[EXERCISE INSTRUCTIONS] Only the pictures should be left out; write out all other data exactly.

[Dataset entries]
___
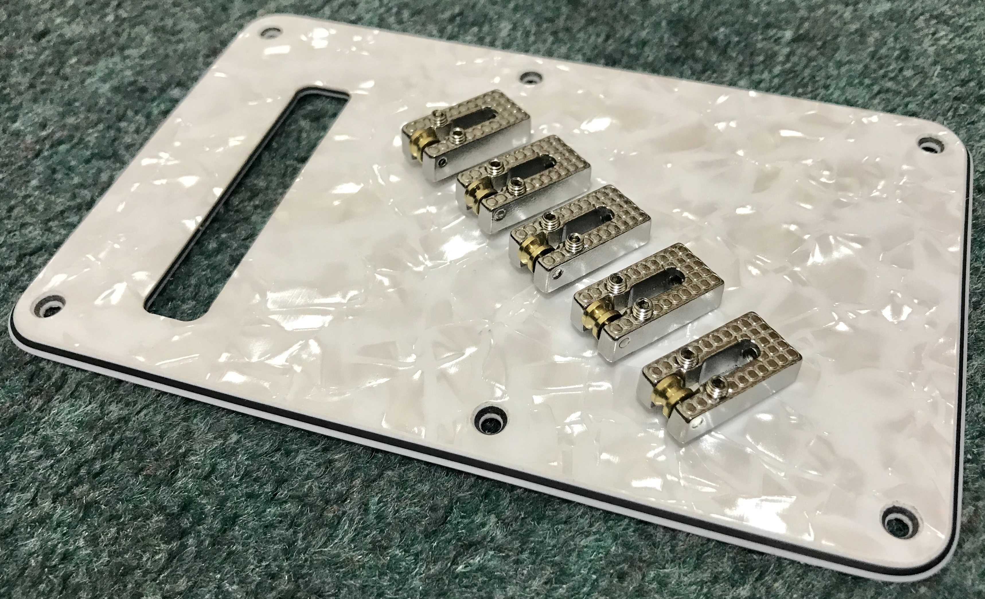 Roller bridge saddles like the ones pictured are available from various eBay sellers based in China. They have a brass captive roller in a solid saddle. I ordered a set which took 15 days to arrive. The roller saddle itself is quite satisfactory but all the hardware [correct specifications are: M3 x 15 intonation adjustment screws, 6-8 mm long springs and M3 x 6 or M3 x 8 mm action height grub screws] were all too long requiring replacements had to be ordered; this was reasonable since they only cost £6.99 including postage. I traded all the hardware on the instrument for the Adeson Tri-Sonic pickups so I wasn’t able to re-fit the intonation springs and new Fender items had to be ordered.
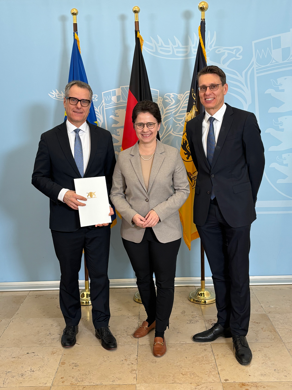 (Foto , v.l.n.r.): Präsident des Landgerichts Tübingen Dr. Andreas Holzwarth, Ministerin der Justiz und für Migration
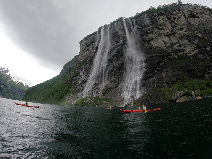 It took us a little over an hour to paddle the The Seven Sisters Waterfall. After taking some photos with the Seven Sisters we crossed the fjord to see The Suitor Waterfall before starting our return paddle back. We were all a little tired by this point and it began to drizzle cold rain on us, so we did our best to paddle quickly and get off the water before it started raining any harder.
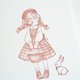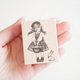 描绘手提篮子的女孩,以及静静站在身旁的兔子的印章。
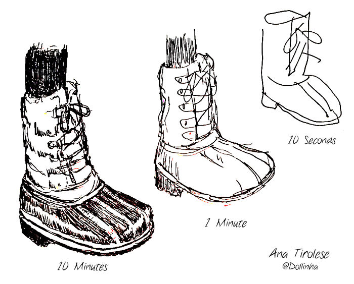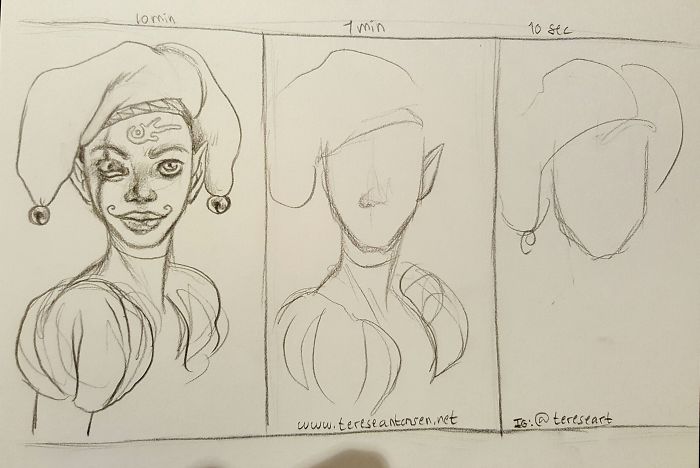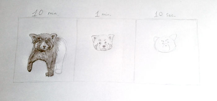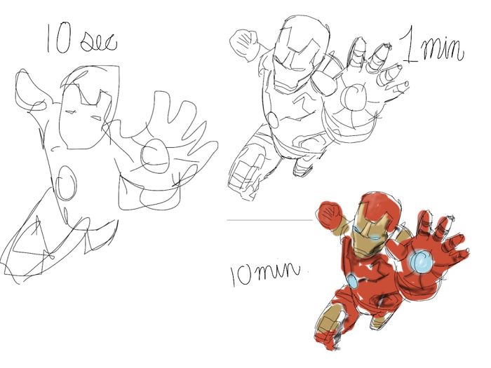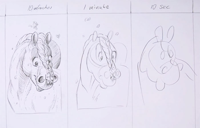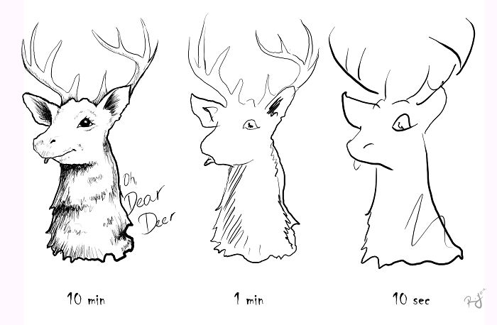 Зураач Марк Криллэйгийн бүтээлээс сонирхуулж байна. Тэрээр өөрийгөө сорьж нэг зургийг 10 секунд, 1 минут, 10 минутад хэрхэн зурахыг туршдаг байна. Тэрээр “Ингэж зурах нь нэг талаасаа хөгжилтэй мэт боловч өөрийнхөө хурдыг сайжруулах нэг арга болдог” хэмээжээ.
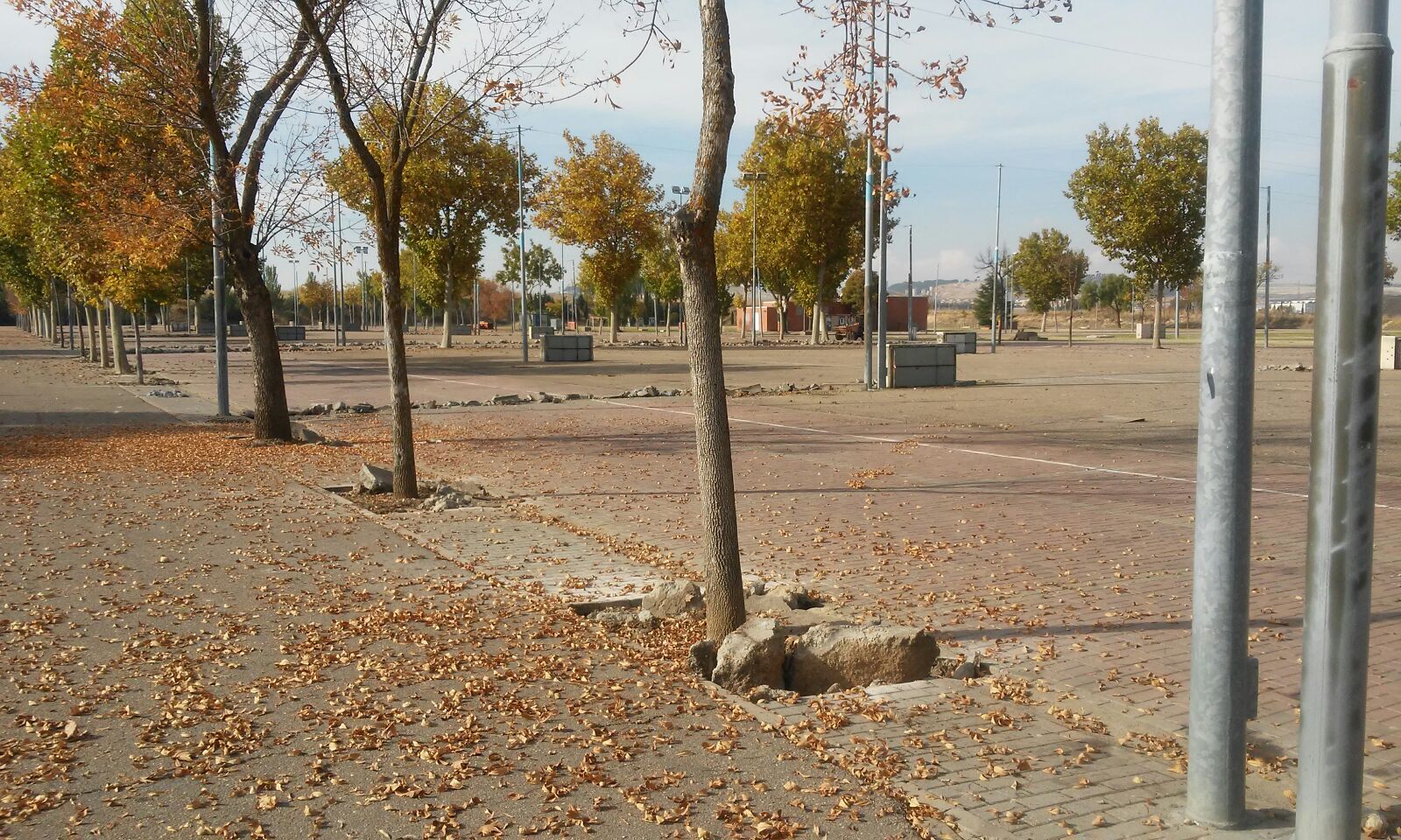 1. Demolición y reposición de pavimentos dañados (levantados por las raíces del arbolado, con cesiones, erosionados por el uso, etc.) y de la red de correderas y canalizaciones superficiales construidas en su día para la evacuación de las aguas pluviales (caz longitudinal, canaletas o sumideros lineales transversales y sumideros tapados con hormigón). Se proyecta adicionalmente una ampliación de la superficie pavimentada con aglomerado entre la zona de aparatos infantiles y la montaña rusa (aunque su ejecución se pospone por razones presupuestarias).
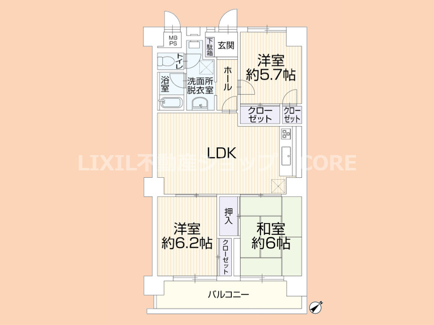 LDK / 和室 6.0帖 / 洋室 6.2帖 / 洋室 5.7帖 / |
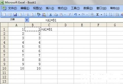 3、在选定单元格输入计算公式。假设需要计算C列总金额,可在C1单元格输入"=A1*B1"公式表达式。注意公式中的乘号使用星号(*)表示,单元格坐标需与实际数据位置严格对应。
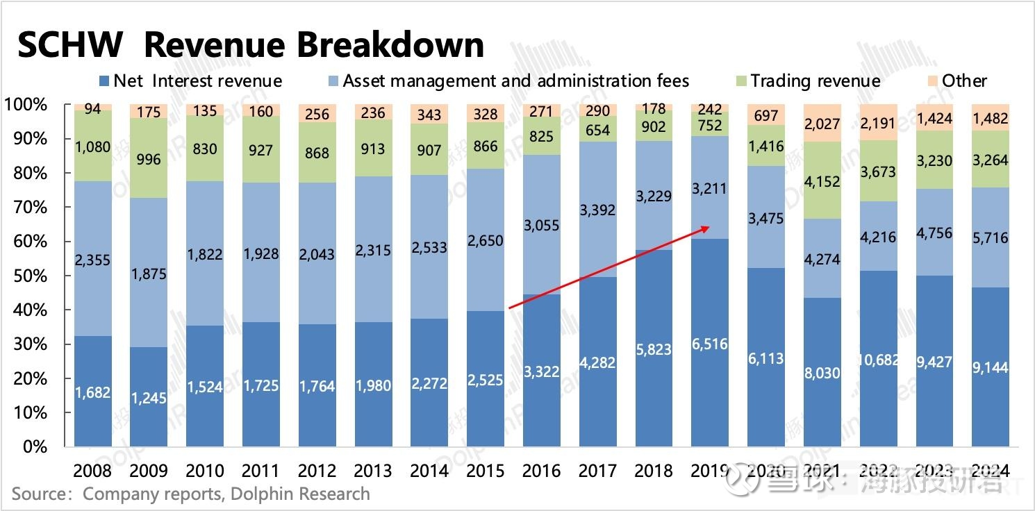 同时,转型的痕迹也体现到了实际业绩中,分别对应着收入增长主力,从零售交易(佣金、订单流收入)切换到财富管理(基金管理费、咨询费、RIA 托管收入)。再然后,随着 2016 年加息周期开启,息差创收(存、贷款利息/投资收益)很快超越财富管理,正式接过第一增长大旗。
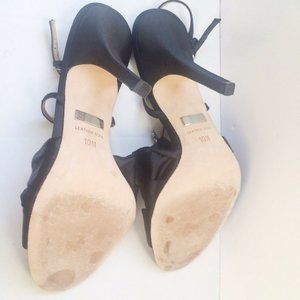 BADGLEY MISCHKA RUBY BLACK SATIN CRYSTAL JEWELED EMBELLISHED WOMENS SANDAL HEELS OPEN TOE
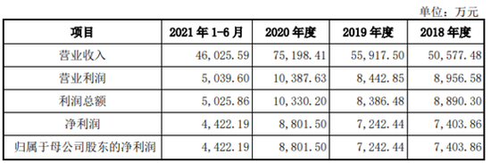 财务数据方面,2018年至2020年以及2021年上半年(下称“报告期”),拓山重工的营业收入分别为5.06亿元、5.59亿元、7.52亿元、4.6亿元,归母净利润分别为7403.86万元、7242.44万元、8801.5万元、4422.19万元。
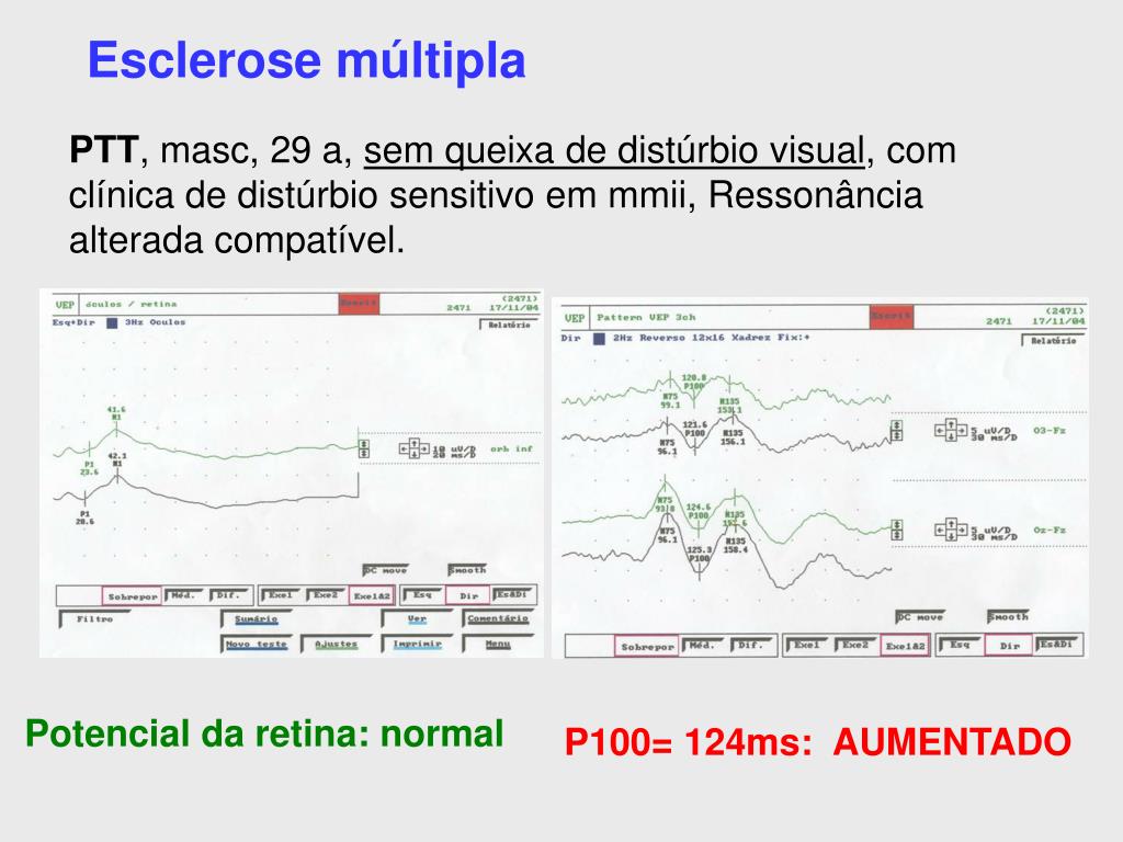 Esclerose múltipla PTT, masc, 29 a, sem queixa de distúrbio visual, com clínica de distúrbio sensitivo em mmii, Ressonância alterada compatível. Potencial da retina: normal P100= 124ms: AUMENTADO
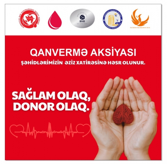 Şəhidlərin əziz xatirəsinə həsr olunmuş “Sağlam olaq – Donor olaq” şüarı altında qanvermə aksiyası təşkil olunacaq
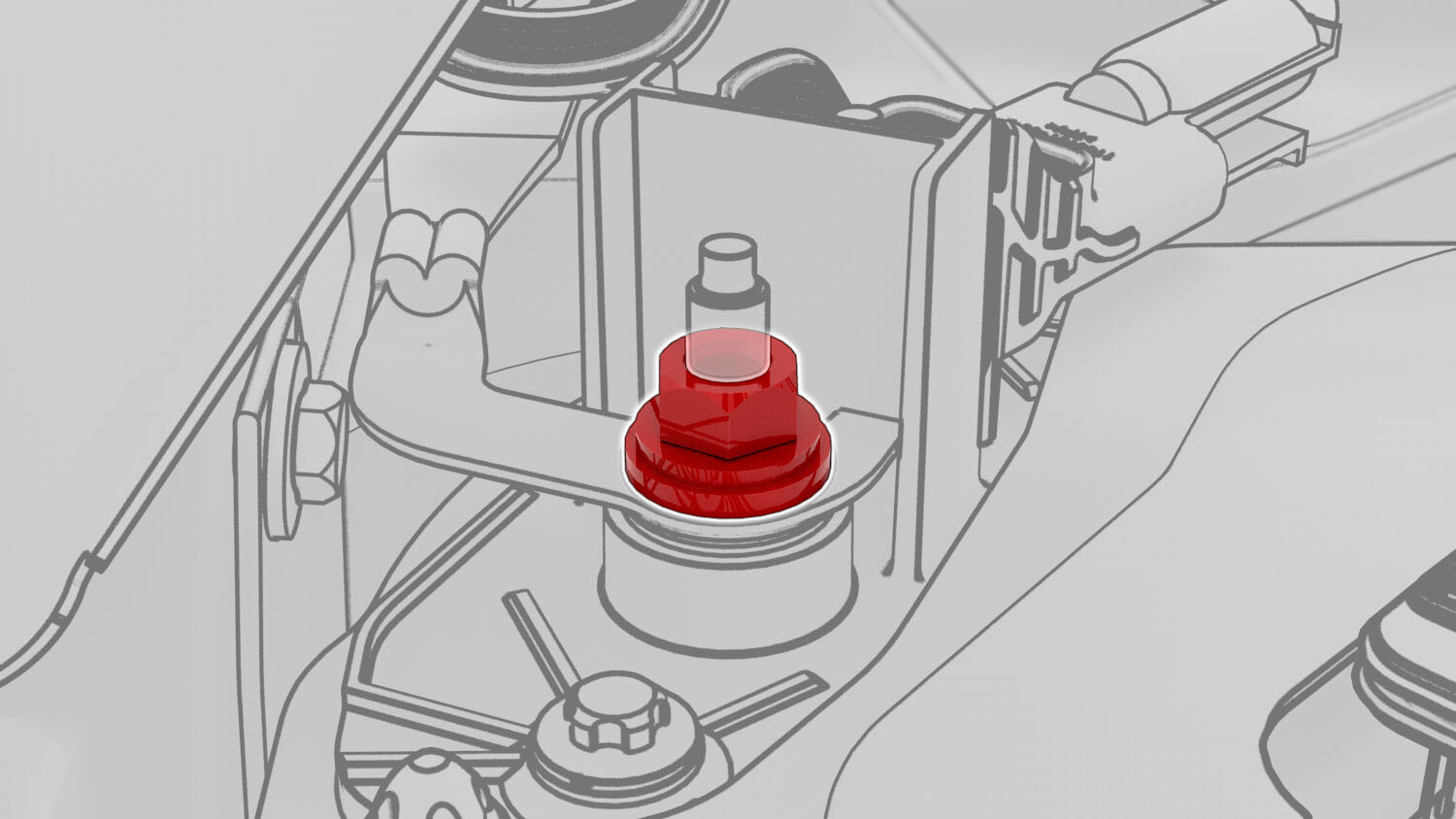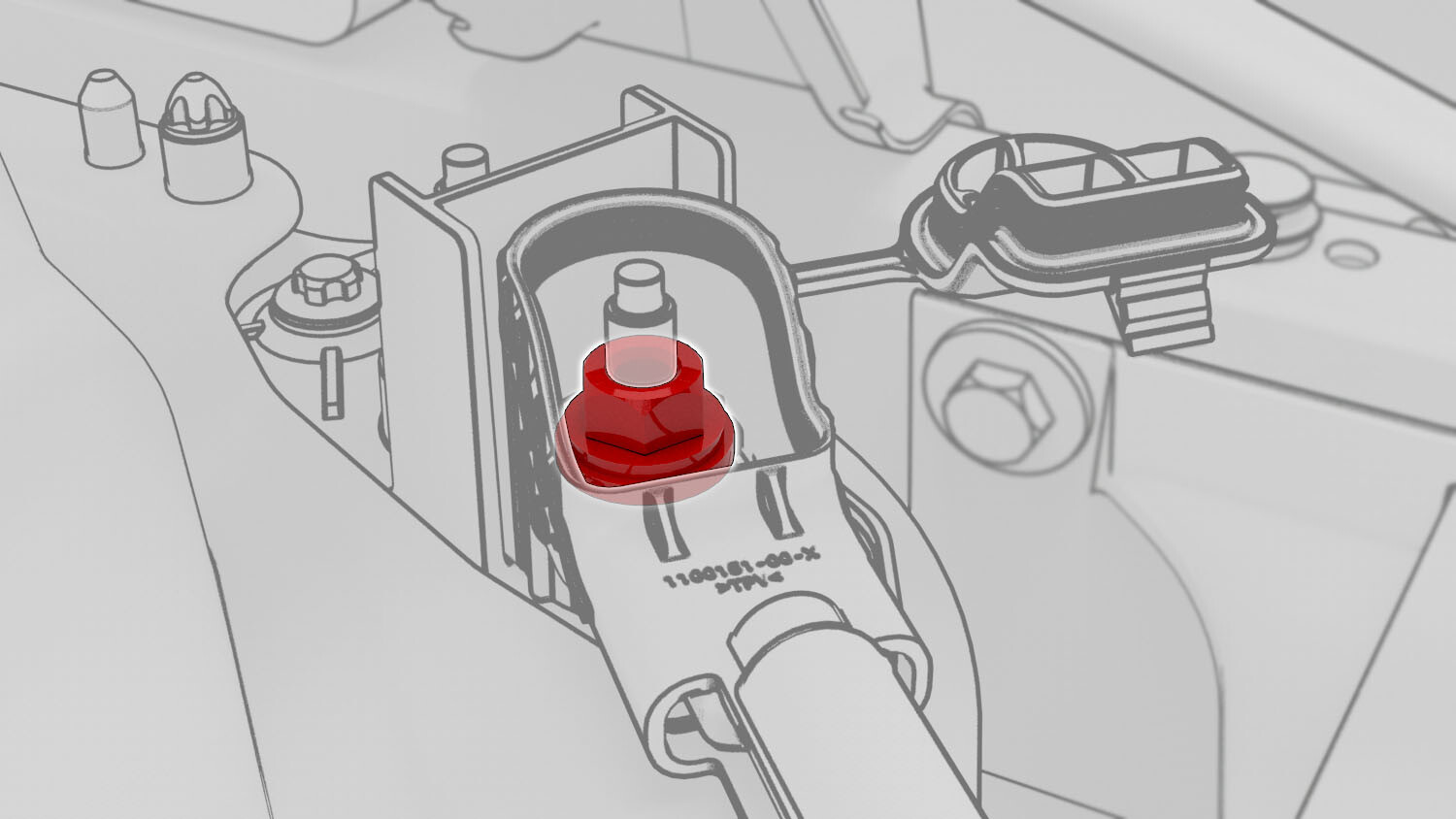 | Nut that attaches the RDU HV electrical harness bracket to the HV battery |
___
[COMPLETED TASK]
 Roller bridge saddles like the ones pictured are available from various eBay sellers based in China. They have a brass captive roller in a solid saddle. I ordered a set which took 15 days to arrive. The roller saddle itself is quite satisfactory but all the hardware [correct specifications are: M3 x 15 intonation adjustment screws, 6-8 mm long springs and M3 x 6 or M3 x 8 mm action height grub screws] were all too long requiring replacements had to be ordered; this was reasonable since they only cost £6.99 including postage. I traded all the hardware on the instrument for the Adeson Tri-Sonic pickups so I wasn’t able to re-fit the intonation springs and new Fender items had to be ordered.
 (Foto , v.l.n.r.): Präsident des Landgerichts Tübingen Dr. Andreas Holzwarth, Ministerin der Justiz und für Migration
 It took us a little over an hour to paddle the The Seven Sisters Waterfall. After taking some photos with the Seven Sisters we crossed the fjord to see The Suitor Waterfall before starting our return paddle back. We were all a little tired by this point and it began to drizzle cold rain on us, so we did our best to paddle quickly and get off the water before it started raining any harder.
 描绘手提篮子的女孩,以及静静站在身旁的兔子的印章。
 Зураач Марк Криллэйгийн бүтээлээс сонирхуулж байна. Тэрээр өөрийгөө сорьж нэг зургийг 10 секунд, 1 минут, 10 минутад хэрхэн зурахыг туршдаг байна. Тэрээр “Ингэж зурах нь нэг талаасаа хөгжилтэй мэт боловч өөрийнхөө хурдыг сайжруулах нэг арга болдог” хэмээжээ.
 1. Demolición y reposición de pavimentos dañados (levantados por las raíces del arbolado, con cesiones, erosionados por el uso, etc.) y de la red de correderas y canalizaciones superficiales construidas en su día para la evacuación de las aguas pluviales (caz longitudinal, canaletas o sumideros lineales transversales y sumideros tapados con hormigón). Se proyecta adicionalmente una ampliación de la superficie pavimentada con aglomerado entre la zona de aparatos infantiles y la montaña rusa (aunque su ejecución se pospone por razones presupuestarias).
 LDK / 和室 6.0帖 / 洋室 6.2帖 / 洋室 5.7帖 / |
 3、在选定单元格输入计算公式。假设需要计算C列总金额,可在C1单元格输入"=A1*B1"公式表达式。注意公式中的乘号使用星号(*)表示,单元格坐标需与实际数据位置严格对应。
 同时,转型的痕迹也体现到了实际业绩中,分别对应着收入增长主力,从零售交易(佣金、订单流收入)切换到财富管理(基金管理费、咨询费、RIA 托管收入)。再然后,随着 2016 年加息周期开启,息差创收(存、贷款利息/投资收益)很快超越财富管理,正式接过第一增长大旗。
 BADGLEY MISCHKA RUBY BLACK SATIN CRYSTAL JEWELED EMBELLISHED WOMENS SANDAL HEELS OPEN TOE
 财务数据方面,2018年至2020年以及2021年上半年(下称“报告期”),拓山重工的营业收入分别为5.06亿元、5.59亿元、7.52亿元、4.6亿元,归母净利润分别为7403.86万元、7242.44万元、8801.5万元、4422.19万元。
 Esclerose múltipla PTT, masc, 29 a, sem queixa de distúrbio visual, com clínica de distúrbio sensitivo em mmii, Ressonância alterada compatível. Potencial da retina: normal P100= 124ms: AUMENTADO
 Şəhidlərin əziz xatirəsinə həsr olunmuş “Sağlam olaq – Donor olaq” şüarı altında qanvermə aksiyası təşkil olunacaq
 | Nut that attaches the RDU HV electrical harness bracket to the HV battery |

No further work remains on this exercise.